In SF, we are free (as we should be) to engage in gay sex, to have abortions, to smoke pot, etc. Why can't we also be free to use AirBnB, and rent a room if we want to. It's own own place. We're not interfering with anyone else. If a teacher or single mom, or Muni worker decides that they want to rent out a room through AirBnB to pick up a bit of extra money, they why should we not be able to? If someone doesn't like the service, the solution is simple: don't use it. But that should never give others the right to ban it ... no more than religious nuts can ban gay sex or abortion because they don't like it. Everyone should just mind their own business, and leave everyone else alone.

Posted by Guest on May. 20, 2014 @ 9:13 pm

Why should hotels pay tax if other people using land as hotel don't , and AirBnb takes helps landlords circumvent rent control.

Posted by Guest on May. 22, 2014 @ 4:48 am
Posted by Guest on May. 22, 2014 @ 7:07 am

If you are sharing your home with someone for money then it could be construed as a hotel, same as if you are sharing a room with the Hyatt for money..

Posted by sharing for money isn't sharing on May. 22, 2014 @ 5:36 pm

Note as well the boldly facetious concernery.

Posted by lillipublicans on May. 22, 2014 @ 7:05 am

arbitrary nature of SFBG opinions

Posted by Guest on May. 22, 2014 @ 7:47 am

Jason Grant Garza here ... techies are NOT part of the Status Quo Seeking Law Enforcement? Wouldn't they want the LAWS enforced that have NOT been over the last two years? What laws, what representation, what enforcement ? How does the old saying go ... first they came for ....

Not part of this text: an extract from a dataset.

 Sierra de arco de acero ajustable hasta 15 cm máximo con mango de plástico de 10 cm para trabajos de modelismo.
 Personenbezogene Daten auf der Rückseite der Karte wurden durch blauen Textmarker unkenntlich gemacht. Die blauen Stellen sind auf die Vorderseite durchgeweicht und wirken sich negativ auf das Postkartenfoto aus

Shared economy ... is that like common good? Is it in the common good for LAWS to to be enforced? What about the distract of divide and conquer ??? Maybe look over here and NOT over here ? Isn't the oath to uphold the LAW? Common Good, Status Quo / Shared Economy ???? Would that be like big companies taking public research and making money? Or maybe "teaming" with city agencies to later charge or how about the favorite "too big to fail?" Am I the only one sharing the pain at the deception? Sorry, I guess that was MY status quo interest. Common good does not involve charging you for EVERYTHING .... didn't our forefathers pay anything ??? Oh that is SOCIAL CONTRACT and that involves again common good. Well I guess Snowden showed us how important social contracts. laws and enforcement were.

Then Chiu ramped up his rhetoric, equating progressive concerns about the tax breaks and special treatment that Chiu, Mayor Ed Lee, and others have extended to tech companies in San Francisco with a war on the sharing economy and the forced deportation of its workers.

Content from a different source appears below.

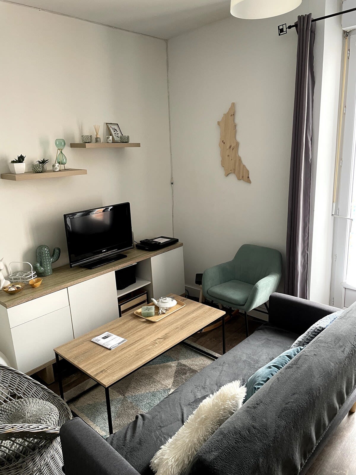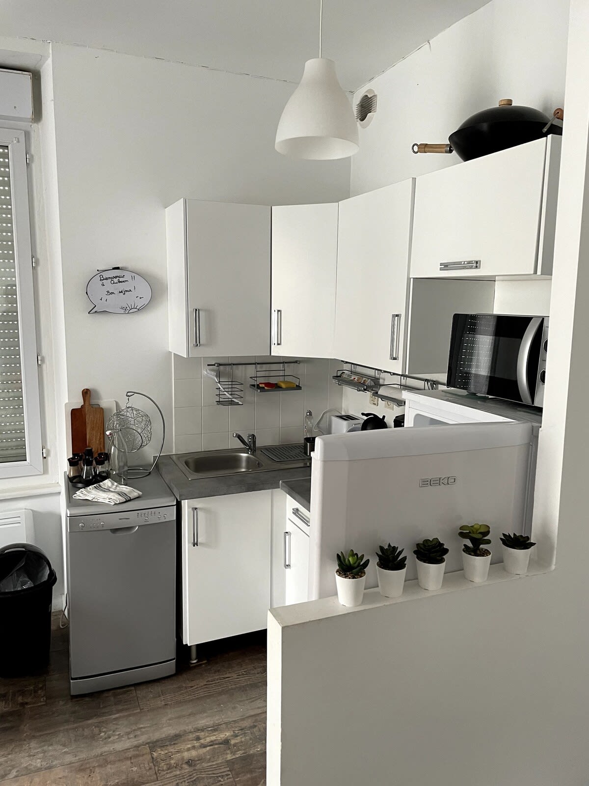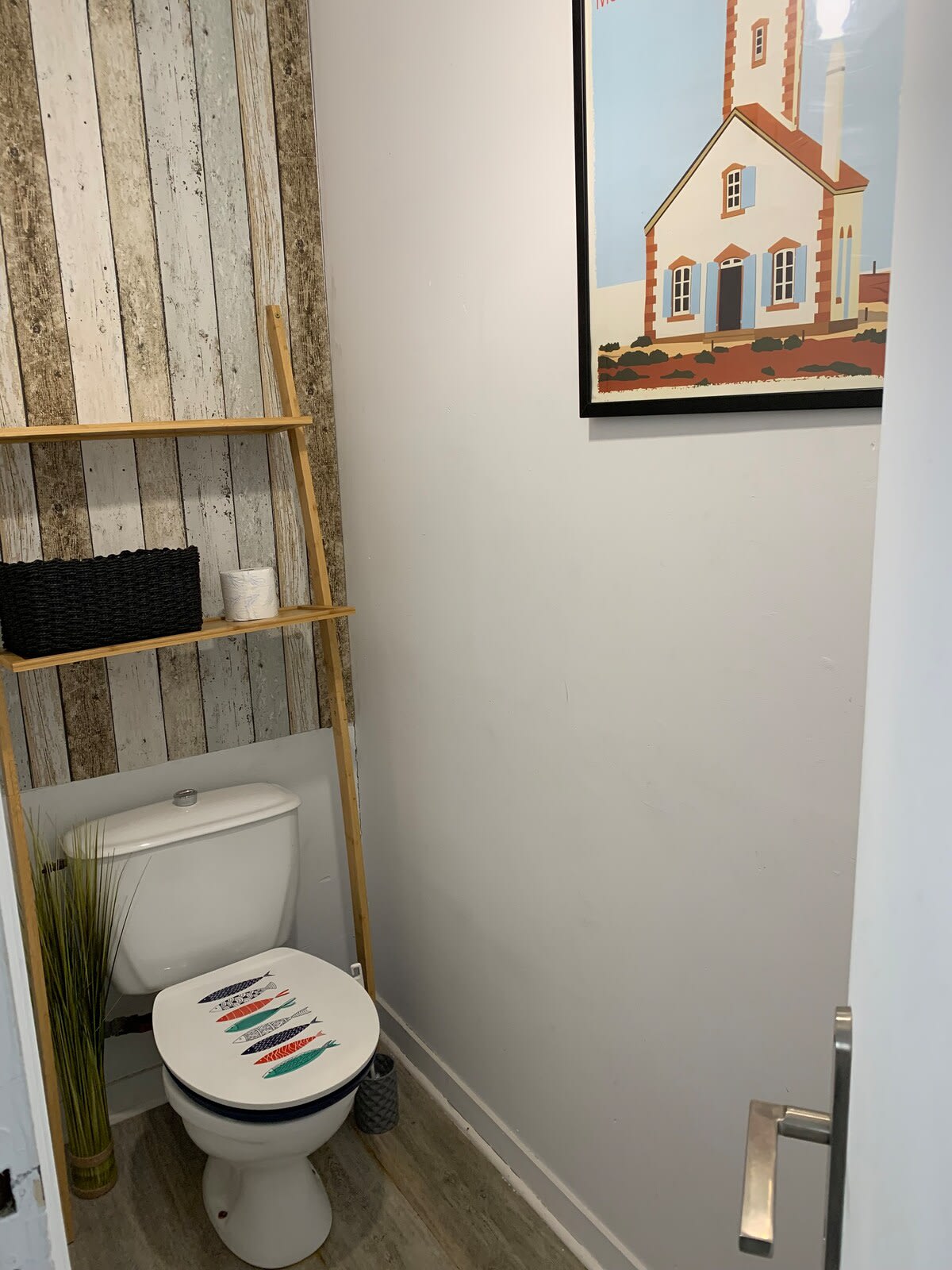 Quiberon: Immeuble de 3 étages. Au centre de Quiberon, à 500 m de la mer, à 500 m de la plage. Place de parking. Magasins, magasin d'alimentation 100 m, supermarché 500 m, restaurant, bar 500 m, boulangerie 200 m, location de bicyclettes 200 m, plage de sable "Grande plage de Quiberon" 500 m. Attractions à proximité: Gare maritime les iles Houat, Hoedic. 800 m, Les alignements de Carnac 26 km, Auray et le port de St Goustan 33 km, Vannes 48 km, Lorient 50 km.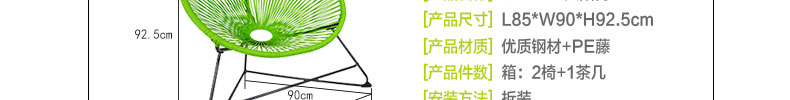 - 材質:金屬框架+PE細藤編制

"They are calling for war on you, even though they don't realize that what you are doing is helping to make sure we're addressing our income inequality, we're empowering everyday people by building community and using technology," Chiu said. "All of you need to get involved in the political debate. You're busy trying to change the world, but status quo interests are actively trying to ship you to Menlo Park, Oakland, and San Jose."

Posted by Jason Grant Garza on May. 20, 2014 @ 11:45 pm

To Chiu, public service means serving up the public to whomever is going to give him money to get over the next obstacle.

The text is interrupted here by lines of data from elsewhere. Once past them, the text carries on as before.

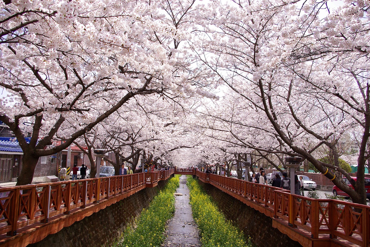 진해의 가장 대표적인 행사 중 하나는 매년 봄, 벚꽃이 대도시를 분홍색과 흰색으로 물들이는 진해 군항제 축제입니다. 4월 초에 열리는 이 축제에는 도로와 구내, 주요 명소에 늘어선 벚꽃이 만들어내는 감동적인 장관을 보기 위해 해마다 수백만 명의 인파가 몰려듭니다. 특히 진해 군항제 대표적인 명소 여좌천은 진해를 병풍처럼 둘러싸고 있는 장복산에서 시작한 작은 도시하천으로 일제강점기에 일제에 의해 지금에 모습으로 만들었습니다. 현재 주변에 벚꽃이 만개한 수천 그루의 벚나무로 장식된 길을 따라 걸으며 꽃잎으로 뒤덮인 환상적인 벚꽃을 감상할 수 있는 곳으로 유명합니다. 진해 군항제는 시각적인 아름다움뿐만 아니라 한국 예술 공연, 전통 음악, 민속놀이 등으로 봄과 자연의 소생을 축하하는 활기찬 축제입니다. 또한 방문객들은 예술 행사에 참여하고, 음식 부스에서 창의적이며 다양한 먹거리들을 맛보고, 매혹적인 계절에 대도시에 스며드는 흥겨운 기운에 흠뻑 빠져볼 수 있습니다. 벚꽃나무 아래에서 인생 샷을 찍고 싶거나 자연의 화려함 속에서 여유로운 산책을 즐기고 싶다면 진해는 많은 것을 제공합니다.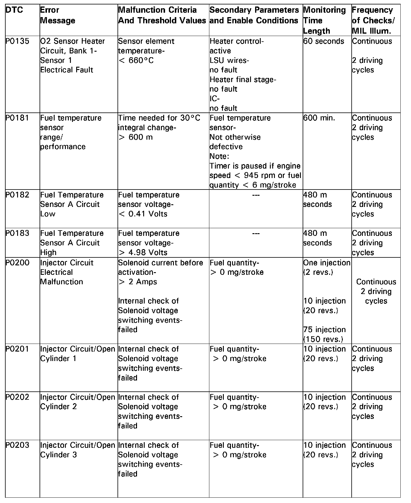 DTC P0135 - P0203: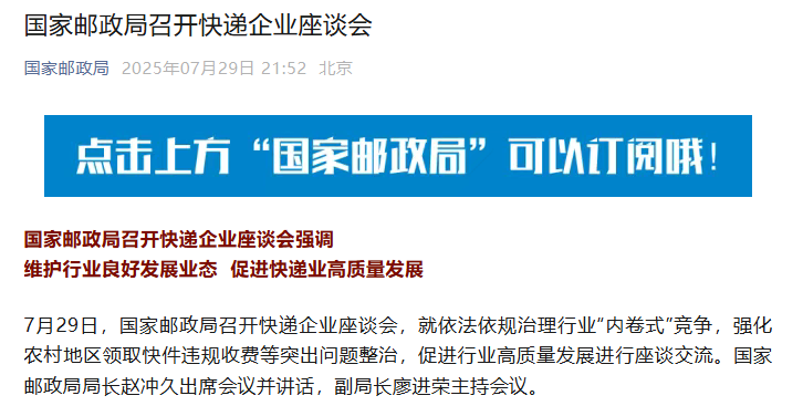 消息面上,7月29日,国家邮政局召开快递企业座谈会,就依法依规治理行业“内卷式”竞争,强化农村地区领取快件违规收费等突出问题整治,促进行业高质量发展进行座谈交流。中通、圆通、韵达、申通、极兔等快递企业相关负责人围绕会议主题进行交流并提出意见和建议。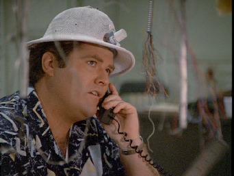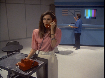 Tubbs is talking via phone to the t.v. studio. The t.v. studio was likely a set at Greenwich Studios but I have not confirmed this yet.

Posted by marcos on May. 21, 2014 @ 5:44 am

unless it is one of them. They block the trades unions, small businesses, rich people- unless it is a rich 'progressive' - nothing progressive about their economic or social policies- look at SF - we spend more and get less year after year- roads are a mess - water system is falling apart- the city is run by a bunch of poodles- (sorry poodles- you are smarter)

Posted by Guest on May. 21, 2014 @ 6:59 am

Professional progressives BART over from Oakland to cut deals with anyone making money and then screw "the people" living in "the community"

Posted by marcos on May. 21, 2014 @ 7:40 am

Sounds like it was a great conference. Wish I had been there in person, but just second-hand it sounds like Chiu gave a great address. He can definitely count on my vote. Thanks for the report!

Posted by Guest on May. 21, 2014 @ 7:30 am

...one more thing, that was a great line: Instead of keeping up with the Joneses, we're sharing with the Joneses.

Unfortunately, Campos and his ilk live by the slogan of taking from the Joneses.

Posted by Guest on May. 21, 2014 @ 7:44 am

"Instead of keeping up with the Joneses, we're sharing with the Joneses." You think that's a great line? That's ad adman's wet dream for a naive little person, is what that is.

Posted by Guest on May. 22, 2014 @ 8:04 am

If tax fraud is the problem then go after the offenders- don't make a whole law about it. It's ALREADY against the law.

Don't add yet more bureaucracy to a city that's already a bureaucratic nightmare.

Here's an idea- how about they hire an intern to look up the listings on the websites and then look up the tax returns to see who paid taxes and who didn't. I bet that will cost less than adding another collection of functionaries.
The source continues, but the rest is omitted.